** Opening Collected data block **

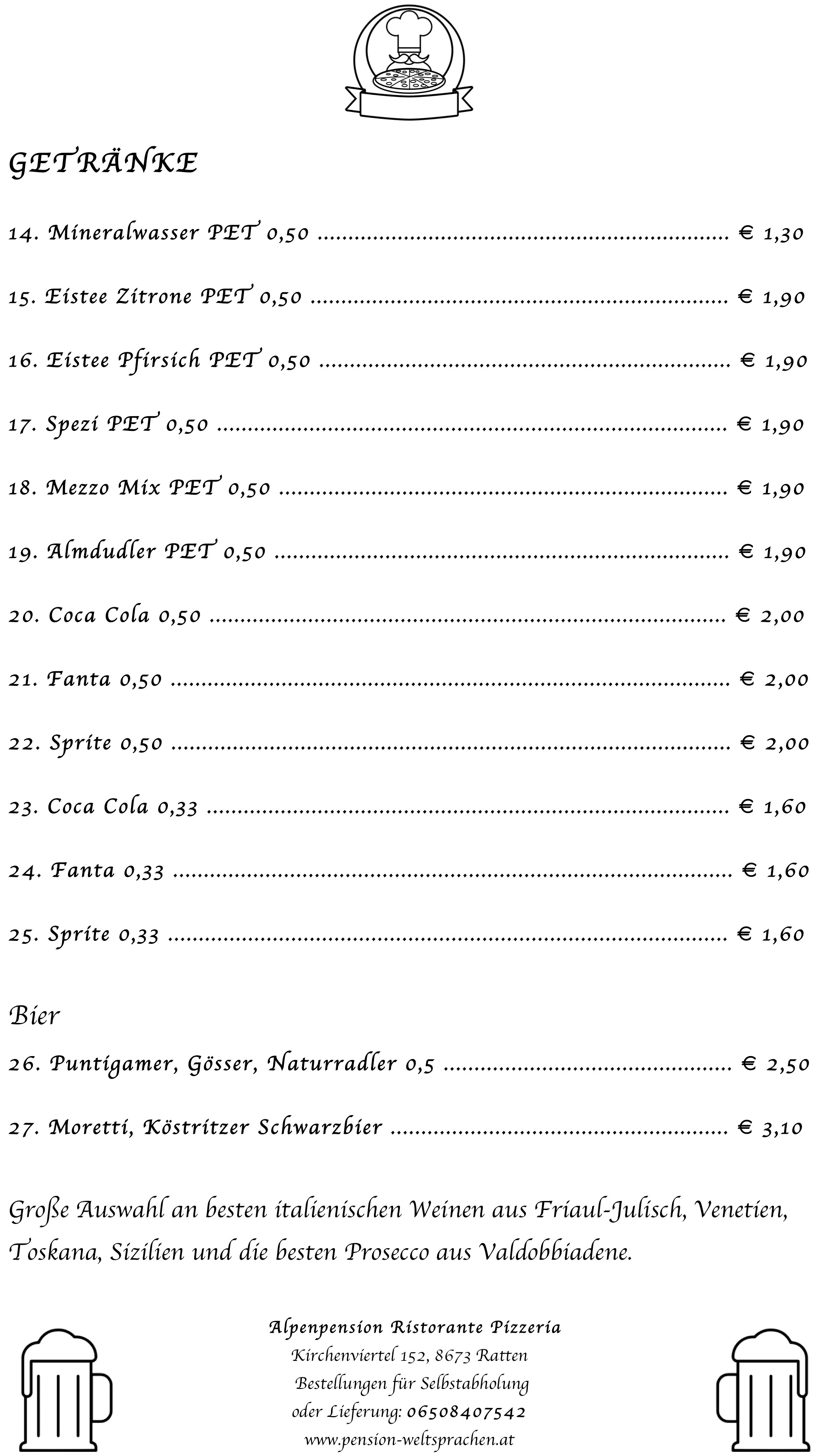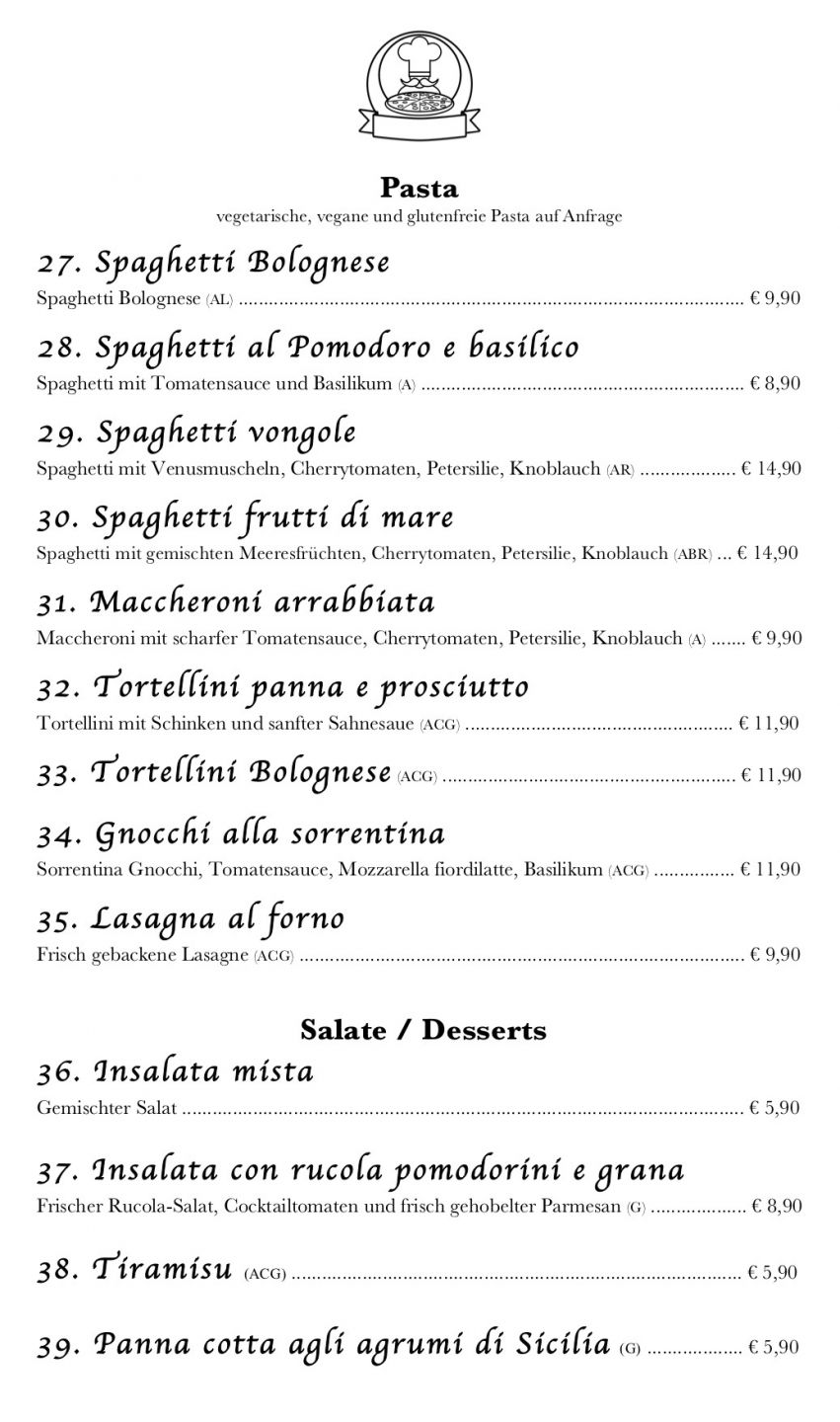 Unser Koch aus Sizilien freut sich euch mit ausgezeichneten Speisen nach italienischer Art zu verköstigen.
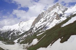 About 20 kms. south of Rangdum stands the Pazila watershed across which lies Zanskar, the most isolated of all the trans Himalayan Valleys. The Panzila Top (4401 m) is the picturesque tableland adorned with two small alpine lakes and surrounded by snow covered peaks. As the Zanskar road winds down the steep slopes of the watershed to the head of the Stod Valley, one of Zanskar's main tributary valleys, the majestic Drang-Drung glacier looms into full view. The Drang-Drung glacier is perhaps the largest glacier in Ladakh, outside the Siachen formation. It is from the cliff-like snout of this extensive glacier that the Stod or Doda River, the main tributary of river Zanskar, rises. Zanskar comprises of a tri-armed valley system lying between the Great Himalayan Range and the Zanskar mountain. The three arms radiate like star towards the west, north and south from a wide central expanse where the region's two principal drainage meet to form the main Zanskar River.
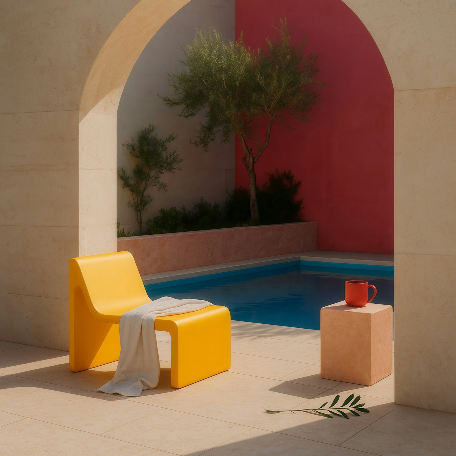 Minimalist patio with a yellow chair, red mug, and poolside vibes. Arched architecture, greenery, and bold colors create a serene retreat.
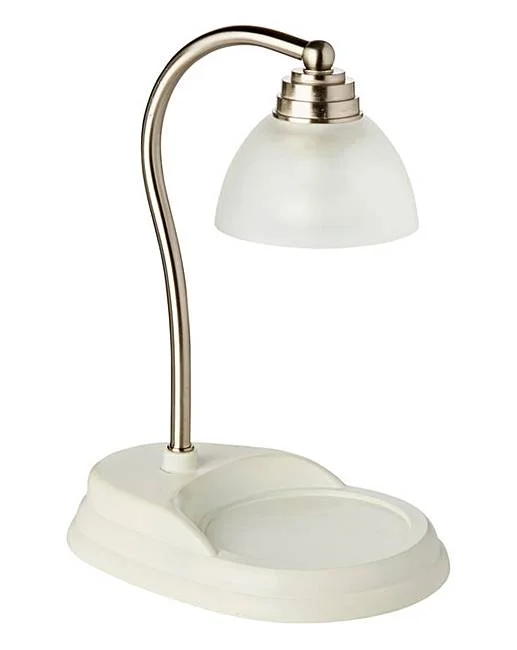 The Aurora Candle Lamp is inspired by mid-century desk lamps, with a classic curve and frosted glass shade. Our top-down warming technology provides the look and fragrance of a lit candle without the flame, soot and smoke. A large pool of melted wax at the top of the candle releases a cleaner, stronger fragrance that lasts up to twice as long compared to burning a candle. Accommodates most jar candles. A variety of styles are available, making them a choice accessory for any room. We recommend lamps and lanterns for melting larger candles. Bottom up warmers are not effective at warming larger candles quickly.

** Closing Collected data block **

▶ What needs to be done:
What is needed is an exact copy of each line from the top of the data above through the line containing "Minimalist patio with", with no pictures.

▶ Exercise result:
 Unser Koch aus Sizilien freut sich euch mit ausgezeichneten Speisen nach italienischer Art zu verköstigen.
 About 20 kms. south of Rangdum stands the Pazila watershed across which lies Zanskar, the most isolated of all the trans Himalayan Valleys. The Panzila Top (4401 m) is the picturesque tableland adorned with two small alpine lakes and surrounded by snow covered peaks. As the Zanskar road winds down the steep slopes of the watershed to the head of the Stod Valley, one of Zanskar's main tributary valleys, the majestic Drang-Drung glacier looms into full view. The Drang-Drung glacier is perhaps the largest glacier in Ladakh, outside the Siachen formation. It is from the cliff-like snout of this extensive glacier that the Stod or Doda River, the main tributary of river Zanskar, rises. Zanskar comprises of a tri-armed valley system lying between the Great Himalayan Range and the Zanskar mountain. The three arms radiate like star towards the west, north and south from a wide central expanse where the region's two principal drainage meet to form the main Zanskar River.
 Minimalist patio with a yellow chair, red mug, and poolside vibes. Arched architecture, greenery, and bold colors create a serene retreat.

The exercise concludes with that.